→ **TASK ITEM**
Reproduce, word for word, the lines in the material below starting with the one that has "repeat region |" and going on through the one that has "アイがワームの中心線に近くな". Leave out all pictures.

→ **THE DATA**
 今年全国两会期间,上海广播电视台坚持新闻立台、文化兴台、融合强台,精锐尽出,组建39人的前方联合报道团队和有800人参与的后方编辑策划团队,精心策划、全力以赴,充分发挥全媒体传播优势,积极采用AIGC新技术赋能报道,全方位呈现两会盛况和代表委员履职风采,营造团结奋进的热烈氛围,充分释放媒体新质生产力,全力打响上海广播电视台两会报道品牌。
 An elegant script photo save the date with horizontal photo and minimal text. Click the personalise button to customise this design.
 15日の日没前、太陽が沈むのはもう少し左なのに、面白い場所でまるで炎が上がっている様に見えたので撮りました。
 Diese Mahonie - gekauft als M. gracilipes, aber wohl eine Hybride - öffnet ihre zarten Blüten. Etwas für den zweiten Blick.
==
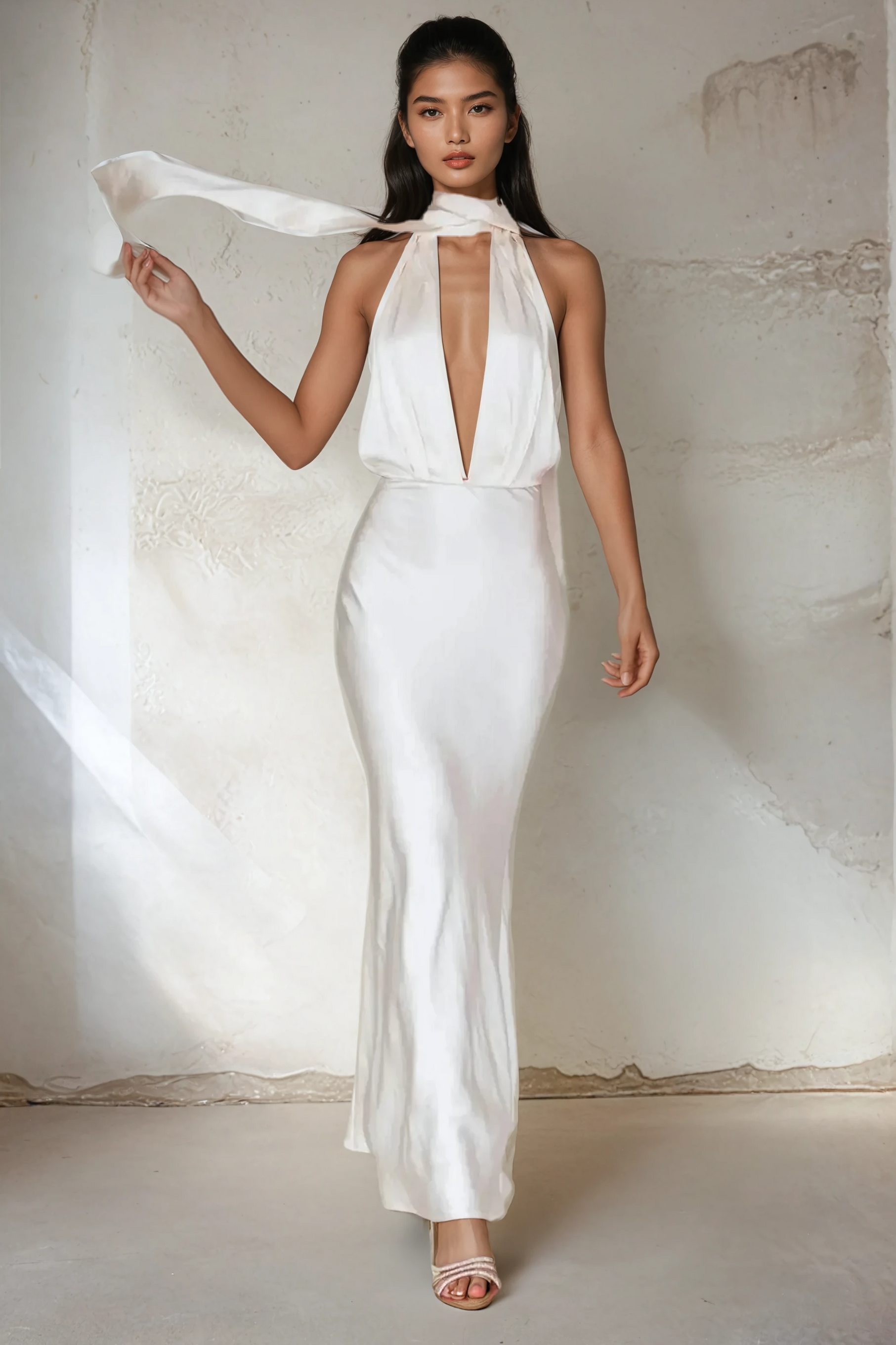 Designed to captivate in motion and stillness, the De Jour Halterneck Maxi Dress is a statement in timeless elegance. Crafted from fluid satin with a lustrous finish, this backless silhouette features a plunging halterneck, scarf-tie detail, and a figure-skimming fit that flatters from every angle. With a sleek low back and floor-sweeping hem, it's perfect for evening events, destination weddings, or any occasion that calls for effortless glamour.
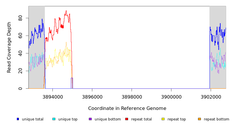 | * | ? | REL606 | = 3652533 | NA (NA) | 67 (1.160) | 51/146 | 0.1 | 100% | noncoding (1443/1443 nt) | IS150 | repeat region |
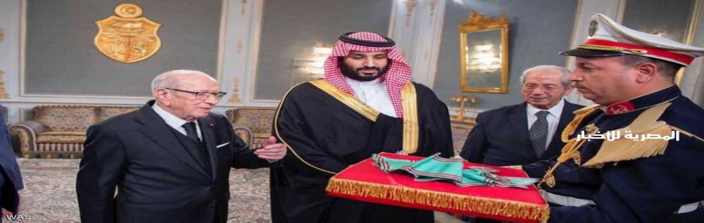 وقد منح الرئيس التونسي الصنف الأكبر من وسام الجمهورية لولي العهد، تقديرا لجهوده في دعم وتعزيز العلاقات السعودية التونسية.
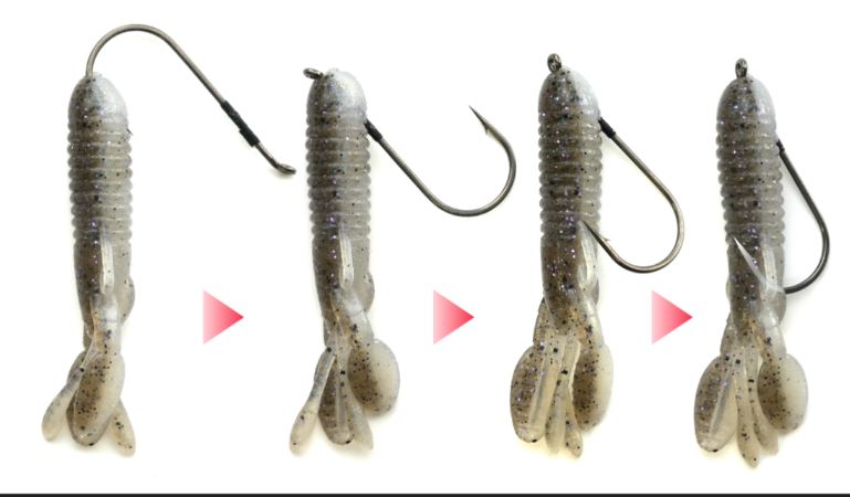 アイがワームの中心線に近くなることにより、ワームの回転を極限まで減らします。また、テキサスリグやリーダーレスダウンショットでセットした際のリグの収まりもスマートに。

→ **RESULT OF THE TASK**
 | * | ? | REL606 | = 3652533 | NA (NA) | 67 (1.160) | 51/146 | 0.1 | 100% | noncoding (1443/1443 nt) | IS150 | repeat region |
 وقد منح الرئيس التونسي الصنف الأكبر من وسام الجمهورية لولي العهد، تقديرا لجهوده في دعم وتعزيز العلاقات السعودية التونسية.
 アイがワームの中心線に近くなることにより、ワームの回転を極限まで減らします。また、テキサスリグやリーダーレスダウンショットでセットした際のリグの収まりもスマートに。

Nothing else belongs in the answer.